Pour aller plus loin
Après 100 jours de présidence, la vitesse et l’ampleur des chocs imposés par D. Trump aux Etats-Unis et au reste du monde est simplement extraordinaire. Évidemment, c’est le choc tarifaire qui a été le facteur dominant dans le comportement des marchés. Alors que la hausse des droits de douane était attendue, les premières annonces ont surpris par leur ampleur et ont porté un coup dur à la confiance.
Depuis, D. Trump a procédé à plusieurs ajustements afin d’atténuer le choc. Pour la plupart des partenaires commerciaux des Etats-Unis, un taux unique de 10 % est aujourd’hui en place, sauf pour la Chine qui continue à se voir imposer un taux de 145 % !

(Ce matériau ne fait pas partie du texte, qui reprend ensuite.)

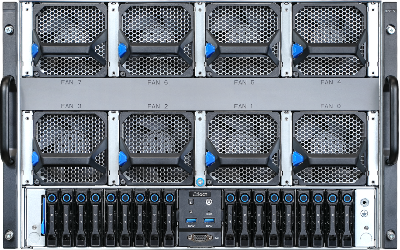 Сервер Quanta QCT QuantaGrid D75F-7U/S8F — высокопроизводительная вычислительная платформа форм-фактора 7U с двумя процессорами Intel Emerald Rapids и восемью графическими ускорителями NVIDIA HGX H200 с 141 ГБ памяти каждая. Предназначен для масштабируемых задач искусственного интеллекта, глубокого обучения и высокопроизводительных вычислений.

On attend l’issue des négociations bilatérales en cours pour voir quel sera le niveau de taxes que vont finalement imposer les Etats-Unis. Néanmoins, l’incertitude est très importante, et le plus probable est que les dégâts déjà faits sur la confiance vont peser sur la croissance future au niveau mondial.

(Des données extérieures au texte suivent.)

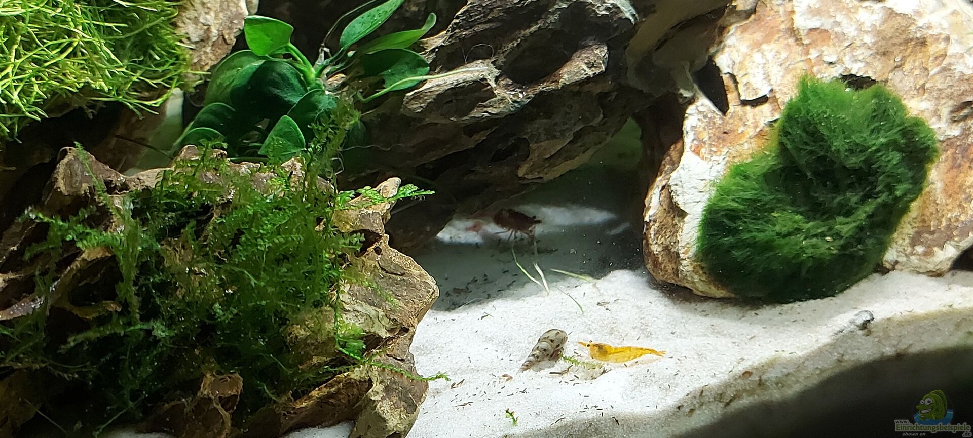 Folgende Pflanzen sind an die Drachensteine geklebt: (mit NatureHolic Sekundenkleber, unschädlich für alle Bewohner) - Anubias nana - Javafarn - Teichlebermoos - Flammenmoos

Nous, comme beaucoup d’économistes, estimons que la probabilité de récession est élevée pour la deuxième partie d’année aux États-Unis. Mais, on risque de devoir s’adapter rapidement aux changements erratiques que le gouvernement de D. Trump pourrait décider, en mieux comme en pire.
En même temps, la blitzkrieg tout azimut au niveau de la politique poursuivie par la nouvelle administration américaine, non seulement est venue déstabiliser le commerce mondial ainsi que les relations internationales, mais aussi l’opinion au niveau national.
En fait, selon les derniers sondages, la popularité de D. Trump serait en train de s’effondrer de manière rapide. Alors qu’il a été élu avec une majorité robuste, et une popularité qu’il n’avait jamais atteint, son avantage fond comme neige au soleil, et est déjà passé à moins de 50 % selon la moyenne des sondages répertoriés par Raelclearpoltics.com, soit le plus faible niveau de tous les autres présidents à cette étape de leur mandat (sauf lui-même lors de son premier mandat).
Les trois derniers sondages, considérés comme les plus fiables par le New York Times, conduits fin avril, donnent même un niveau de popularité déjà proche des plus bas lors de son premier mandat.
En même temps, dans le détail, le président garde toujours un soutien fort auprès des électeurs Républicains, mais sa popularité s’effondre chez les indépendants et certaines minorités qu’avaient aidé à le faire élire.
Il est difficile de dire si cette baisse rapide de popularité va finir par changer la donne au sein du parti Républicain, qui pour l’instant, comme un seul homme, semble complétement aligné derrière la ligne relativement brutale suivie par D. Trump.
On verra notamment si le vote du budget à venir, qui pour l’instant, selon l’enveloppe déjà votée traduit une politique très proche des souhaits du président, sera amandée dans sa version finale, notamment concernant les nouvelles baisses d’impôts envisagées.
À ce stade, le budget proposé, faute d’économies supplémentaires, creuserait le déficit public de manière considérable et maintiendrait l’évolution de la dette publique dans une trajectoire insoutenable.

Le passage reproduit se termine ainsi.